Recorded data: Begin

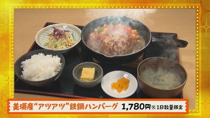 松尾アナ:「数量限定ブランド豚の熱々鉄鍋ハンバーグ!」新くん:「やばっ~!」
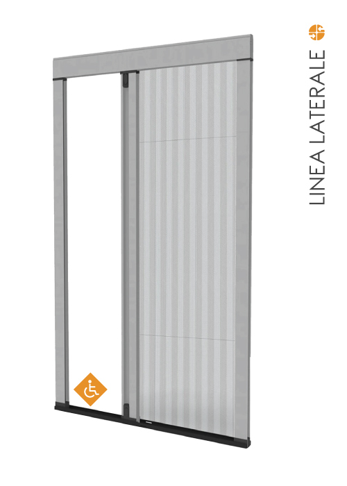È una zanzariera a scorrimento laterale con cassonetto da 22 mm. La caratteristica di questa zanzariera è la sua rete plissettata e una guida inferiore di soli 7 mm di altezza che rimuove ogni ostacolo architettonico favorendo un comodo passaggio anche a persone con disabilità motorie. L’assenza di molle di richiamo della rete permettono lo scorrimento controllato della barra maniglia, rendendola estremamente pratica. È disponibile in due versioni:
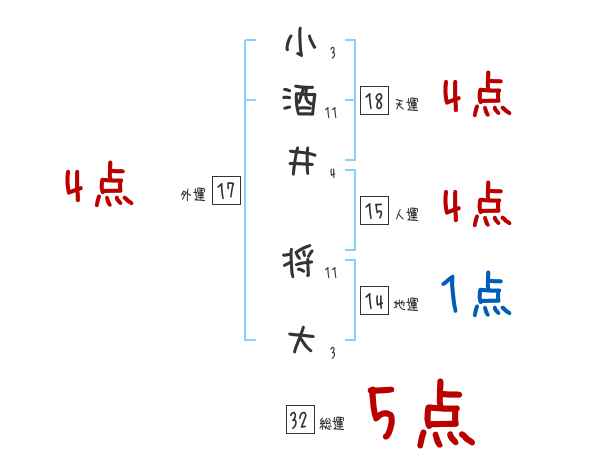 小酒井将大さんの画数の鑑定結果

Recorded data: End
Recorded data: Begin

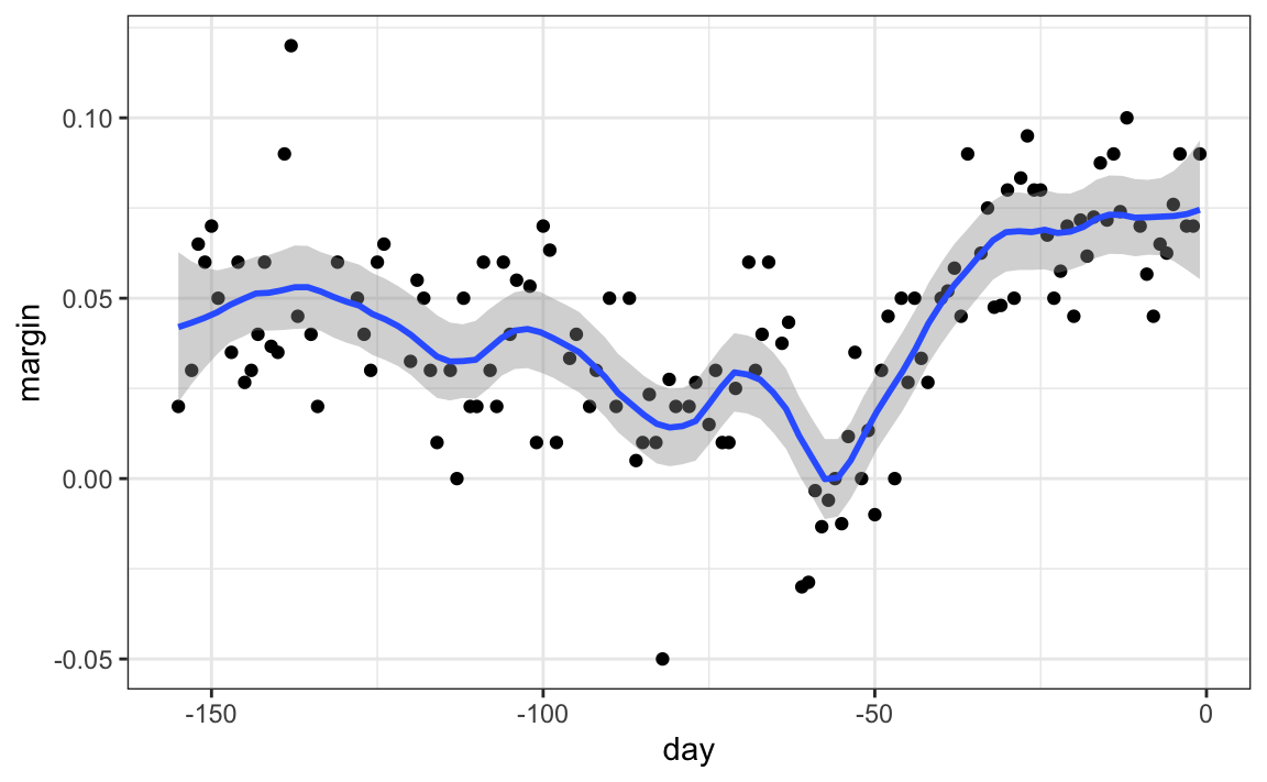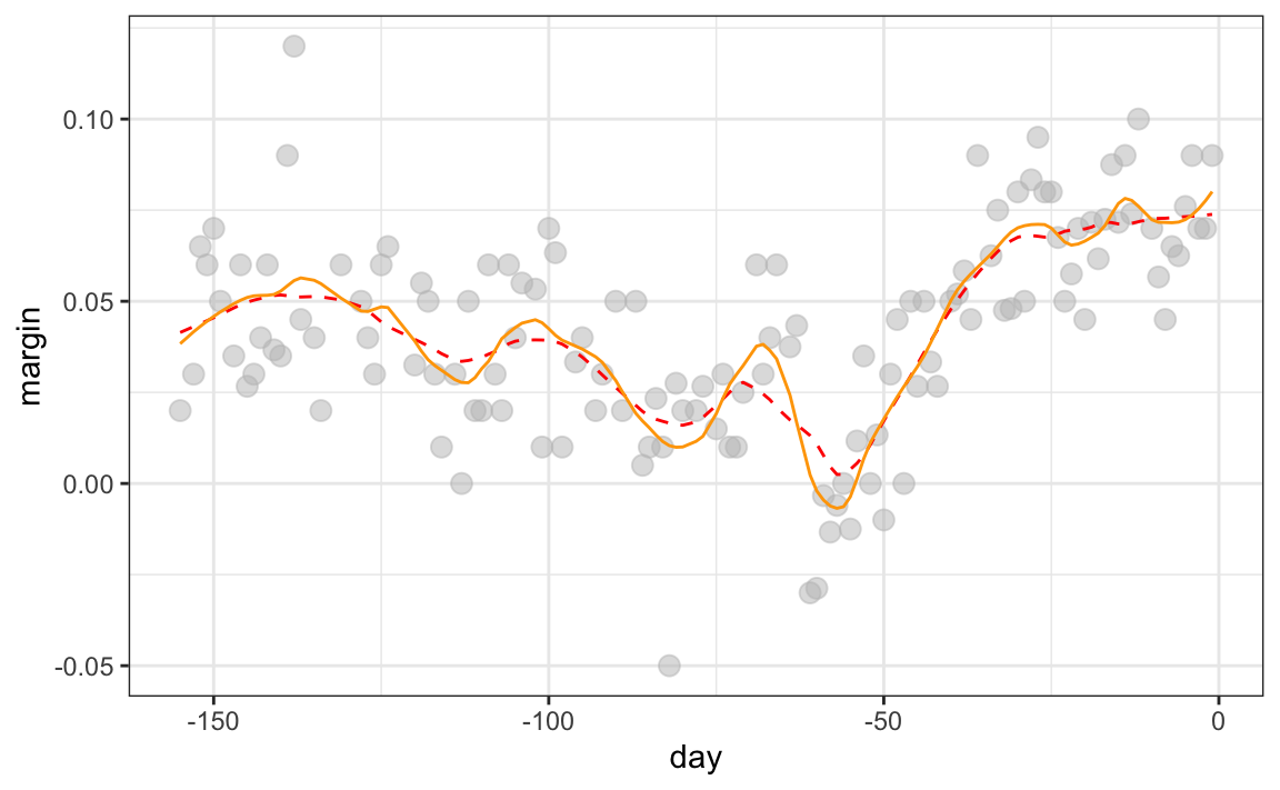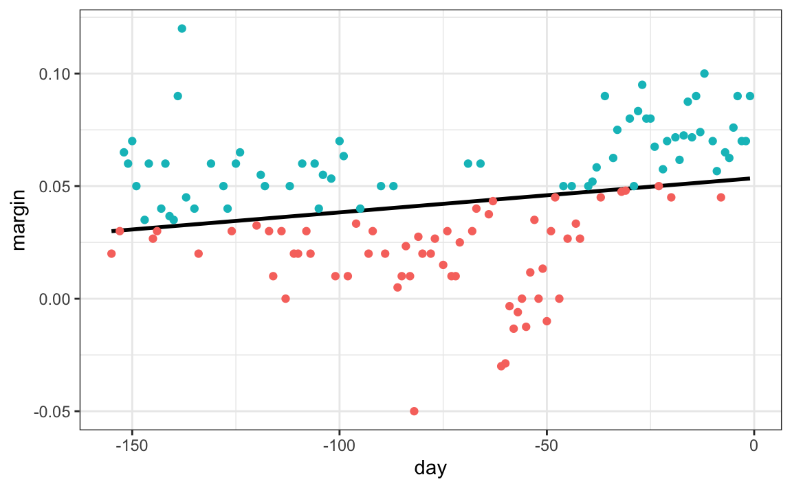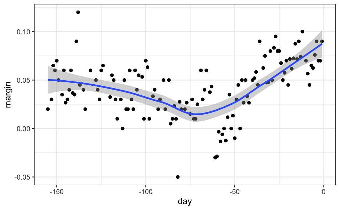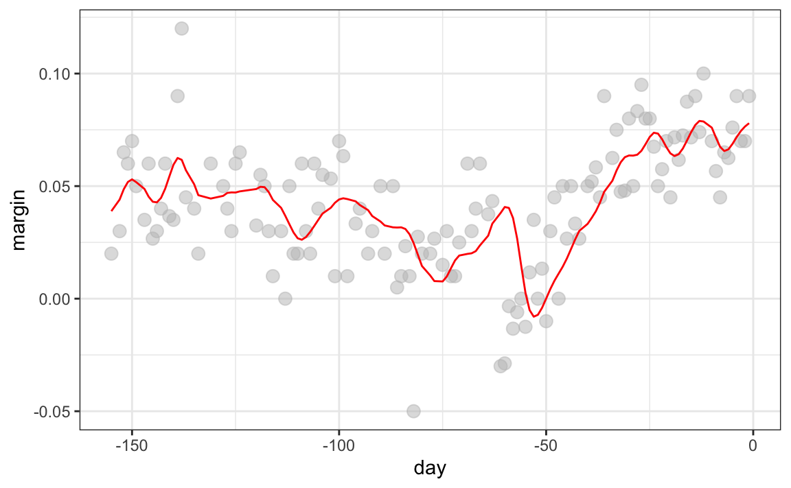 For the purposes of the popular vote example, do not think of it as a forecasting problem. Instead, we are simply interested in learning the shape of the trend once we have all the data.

Recorded data: End
Recorded data: Begin

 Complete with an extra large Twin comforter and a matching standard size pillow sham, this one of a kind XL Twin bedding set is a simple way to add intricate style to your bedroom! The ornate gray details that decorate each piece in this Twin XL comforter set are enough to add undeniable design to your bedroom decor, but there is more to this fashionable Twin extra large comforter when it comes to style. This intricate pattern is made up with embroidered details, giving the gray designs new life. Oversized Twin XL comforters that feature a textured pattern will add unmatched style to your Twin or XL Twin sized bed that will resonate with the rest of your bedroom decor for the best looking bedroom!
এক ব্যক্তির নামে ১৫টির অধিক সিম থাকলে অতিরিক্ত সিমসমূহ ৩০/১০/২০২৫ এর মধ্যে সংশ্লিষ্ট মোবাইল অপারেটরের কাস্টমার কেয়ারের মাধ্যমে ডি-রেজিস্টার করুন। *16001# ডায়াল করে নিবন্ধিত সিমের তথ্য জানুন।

Recorded data: End

◆ Work request
When the line with "Complete with an" is reached in the data above, begin copying, and stop after the line with "এক ব্যক্তির নামে"; copy each line exactly, both ends included.

◆ Solution
 Complete with an extra large Twin comforter and a matching standard size pillow sham, this one of a kind XL Twin bedding set is a simple way to add intricate style to your bedroom! The ornate gray details that decorate each piece in this Twin XL comforter set are enough to add undeniable design to your bedroom decor, but there is more to this fashionable Twin extra large comforter when it comes to style. This intricate pattern is made up with embroidered details, giving the gray designs new life. Oversized Twin XL comforters that feature a textured pattern will add unmatched style to your Twin or XL Twin sized bed that will resonate with the rest of your bedroom decor for the best looking bedroom!
এক ব্যক্তির নামে ১৫টির অধিক সিম থাকলে অতিরিক্ত সিমসমূহ ৩০/১০/২০২৫ এর মধ্যে সংশ্লিষ্ট মোবাইল অপারেটরের কাস্টমার কেয়ারের মাধ্যমে ডি-রেজিস্টার করুন। *16001# ডায়াল করে নিবন্ধিত সিমের তথ্য জানুন।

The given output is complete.